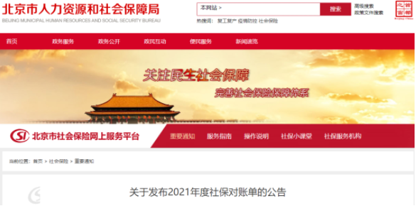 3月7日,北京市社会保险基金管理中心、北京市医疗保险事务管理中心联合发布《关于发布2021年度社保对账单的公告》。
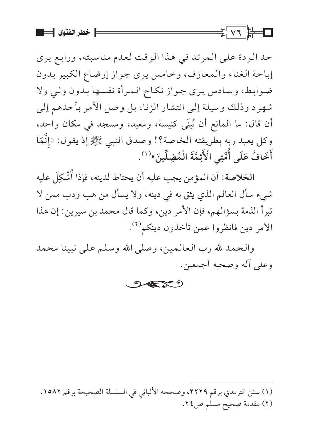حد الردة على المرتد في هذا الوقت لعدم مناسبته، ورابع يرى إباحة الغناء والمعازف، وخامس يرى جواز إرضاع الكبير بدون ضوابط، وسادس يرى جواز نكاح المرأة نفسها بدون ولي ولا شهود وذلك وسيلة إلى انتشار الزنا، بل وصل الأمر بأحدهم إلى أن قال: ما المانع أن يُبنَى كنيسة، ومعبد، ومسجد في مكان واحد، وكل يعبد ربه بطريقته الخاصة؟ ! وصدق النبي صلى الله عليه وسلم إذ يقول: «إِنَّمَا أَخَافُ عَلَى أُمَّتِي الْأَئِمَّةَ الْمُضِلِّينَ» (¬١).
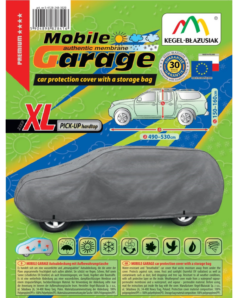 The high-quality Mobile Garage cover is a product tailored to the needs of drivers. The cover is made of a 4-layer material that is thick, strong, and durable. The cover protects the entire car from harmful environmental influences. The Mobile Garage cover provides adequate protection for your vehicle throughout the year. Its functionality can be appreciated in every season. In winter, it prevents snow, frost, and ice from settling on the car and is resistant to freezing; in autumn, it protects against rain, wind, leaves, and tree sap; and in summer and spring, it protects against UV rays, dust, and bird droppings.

================================

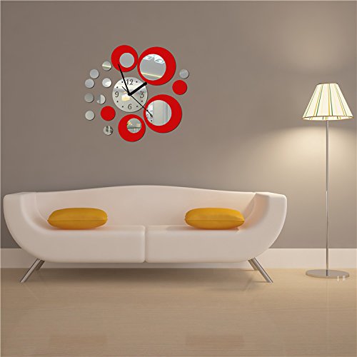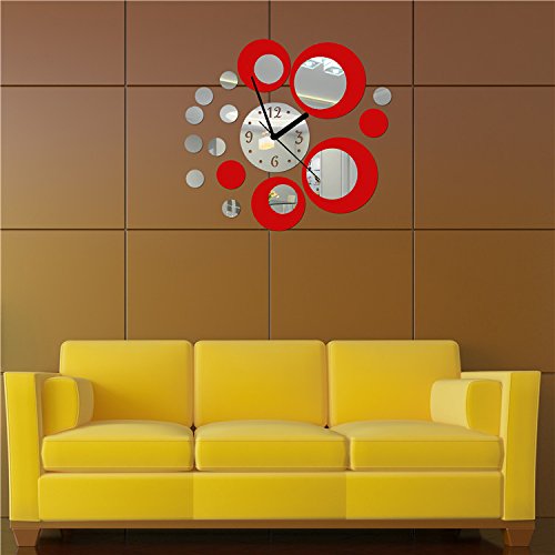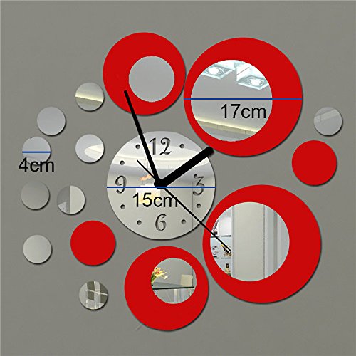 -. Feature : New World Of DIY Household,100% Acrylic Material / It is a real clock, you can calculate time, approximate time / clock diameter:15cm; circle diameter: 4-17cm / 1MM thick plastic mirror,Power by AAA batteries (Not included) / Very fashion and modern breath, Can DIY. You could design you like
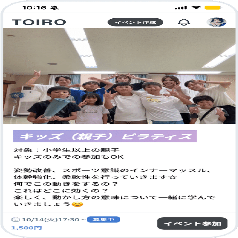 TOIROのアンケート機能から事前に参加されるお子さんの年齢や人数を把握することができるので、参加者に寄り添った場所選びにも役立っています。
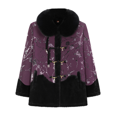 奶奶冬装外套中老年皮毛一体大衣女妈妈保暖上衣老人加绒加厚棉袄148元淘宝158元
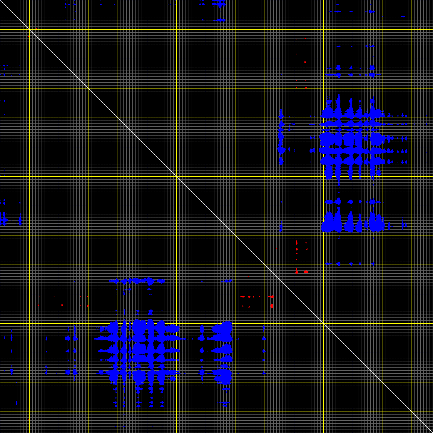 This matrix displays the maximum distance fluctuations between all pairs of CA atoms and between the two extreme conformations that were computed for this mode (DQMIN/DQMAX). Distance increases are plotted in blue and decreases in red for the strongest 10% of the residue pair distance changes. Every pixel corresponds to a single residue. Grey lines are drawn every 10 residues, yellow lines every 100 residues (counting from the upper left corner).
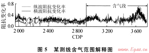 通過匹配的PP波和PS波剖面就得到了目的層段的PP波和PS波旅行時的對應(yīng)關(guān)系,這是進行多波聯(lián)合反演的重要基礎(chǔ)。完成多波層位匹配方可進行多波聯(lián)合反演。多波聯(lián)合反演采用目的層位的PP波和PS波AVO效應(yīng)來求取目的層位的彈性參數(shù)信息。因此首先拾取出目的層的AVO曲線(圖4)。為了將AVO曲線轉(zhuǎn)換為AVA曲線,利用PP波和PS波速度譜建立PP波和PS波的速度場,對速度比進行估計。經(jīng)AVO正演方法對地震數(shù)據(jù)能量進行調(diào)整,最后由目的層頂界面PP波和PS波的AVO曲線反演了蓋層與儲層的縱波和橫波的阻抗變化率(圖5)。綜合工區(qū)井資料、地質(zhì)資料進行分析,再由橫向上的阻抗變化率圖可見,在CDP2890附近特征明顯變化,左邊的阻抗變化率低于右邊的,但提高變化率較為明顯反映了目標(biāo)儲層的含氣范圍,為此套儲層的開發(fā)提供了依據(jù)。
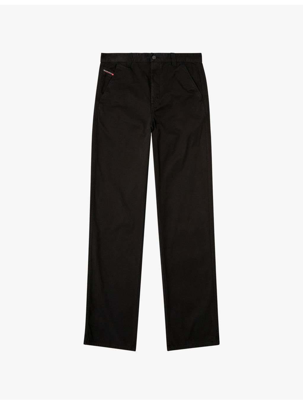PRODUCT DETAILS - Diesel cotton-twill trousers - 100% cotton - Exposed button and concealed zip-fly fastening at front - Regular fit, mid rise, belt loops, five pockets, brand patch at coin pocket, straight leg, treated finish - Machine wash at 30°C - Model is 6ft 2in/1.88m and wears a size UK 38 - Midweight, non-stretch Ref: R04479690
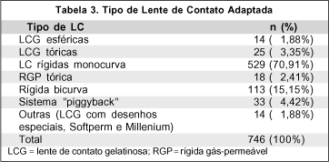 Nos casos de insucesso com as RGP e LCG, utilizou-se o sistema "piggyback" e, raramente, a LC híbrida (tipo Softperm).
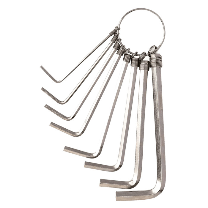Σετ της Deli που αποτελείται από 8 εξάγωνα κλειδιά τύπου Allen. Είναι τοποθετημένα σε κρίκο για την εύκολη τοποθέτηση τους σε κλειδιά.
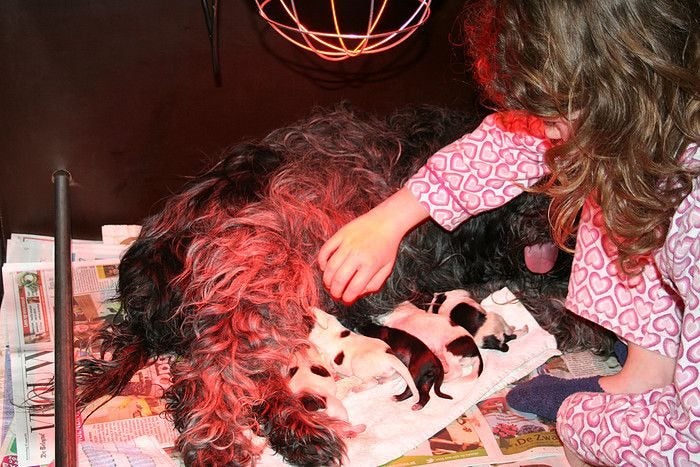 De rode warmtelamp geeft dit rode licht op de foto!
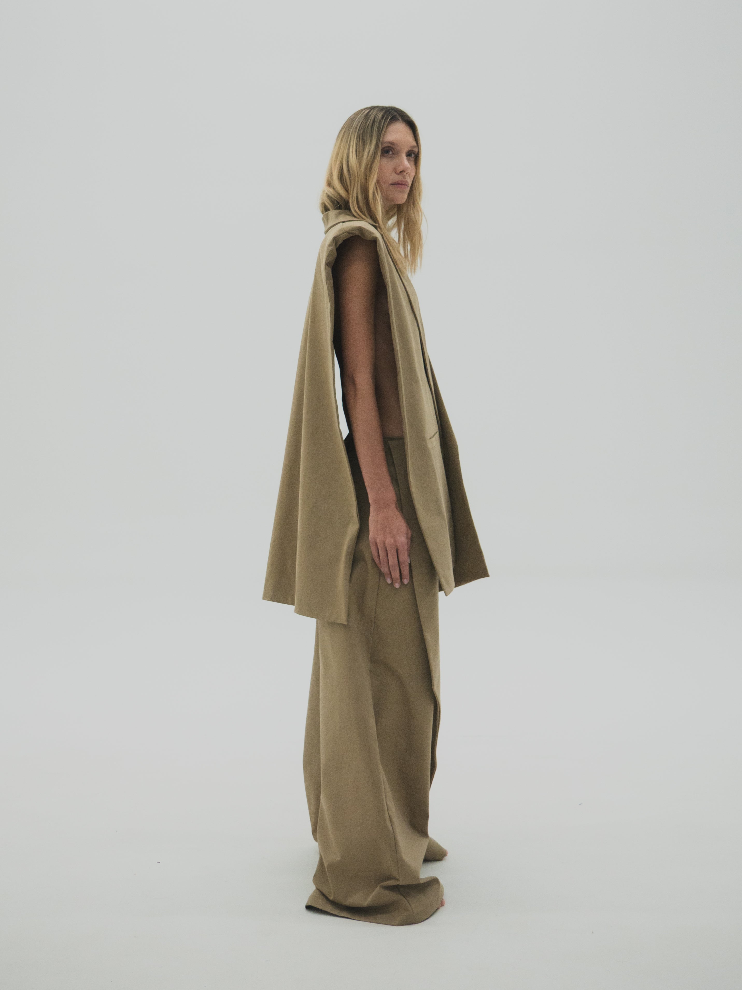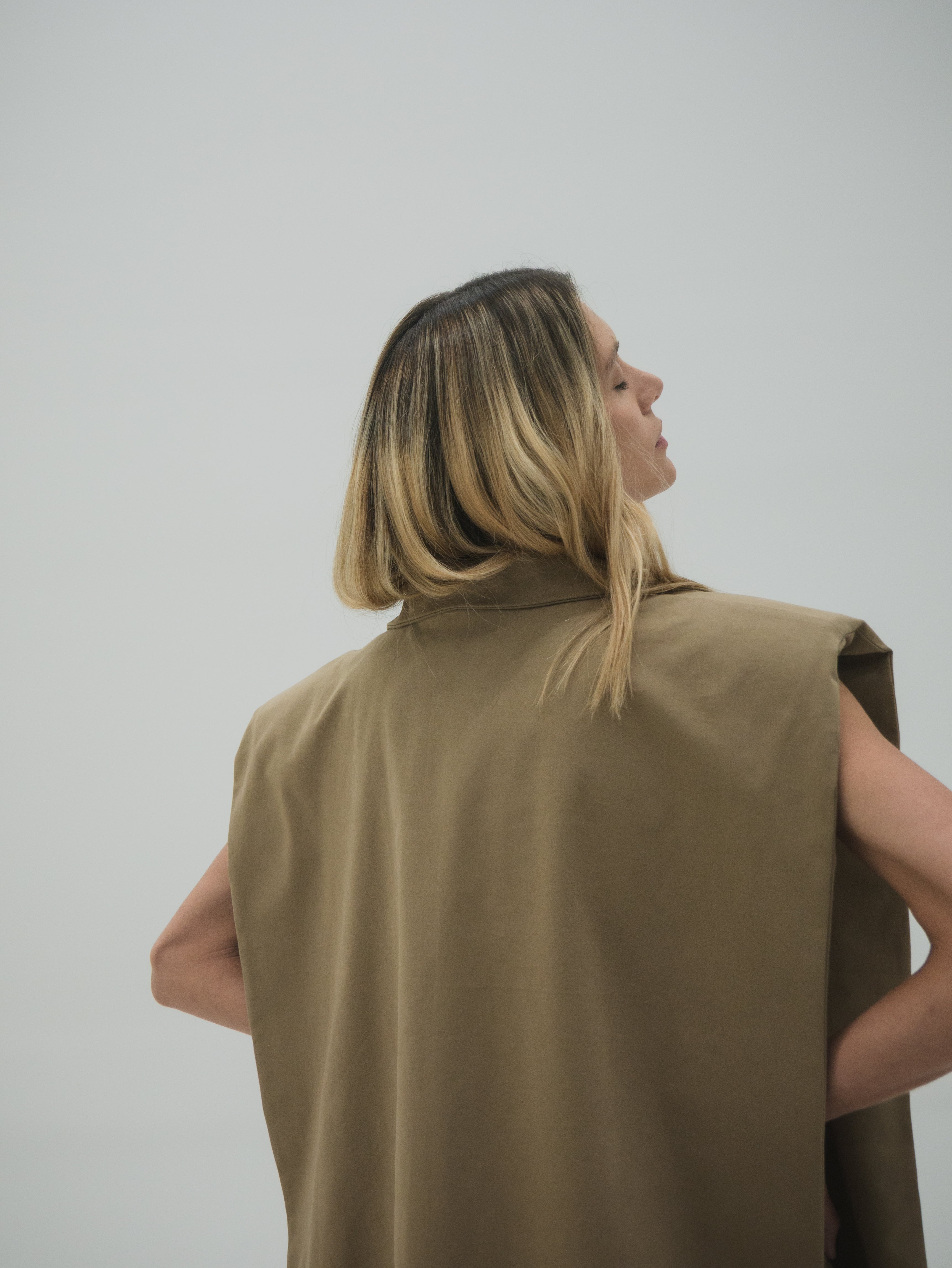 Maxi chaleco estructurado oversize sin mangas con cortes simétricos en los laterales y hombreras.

================================

Task to complete
In the listing above, find the line containing "Nos casos de". Output it and every line after it up to and including the line containing "Σετ της Deli", exactly, but skip the pictures.

Answer box
 Nos casos de insucesso com as RGP e LCG, utilizou-se o sistema "piggyback" e, raramente, a LC híbrida (tipo Softperm).
Σετ της Deli που αποτελείται από 8 εξάγωνα κλειδιά τύπου Allen. Είναι τοποθετημένα σε κρίκο για την εύκολη τοποθέτηση τους σε κλειδιά.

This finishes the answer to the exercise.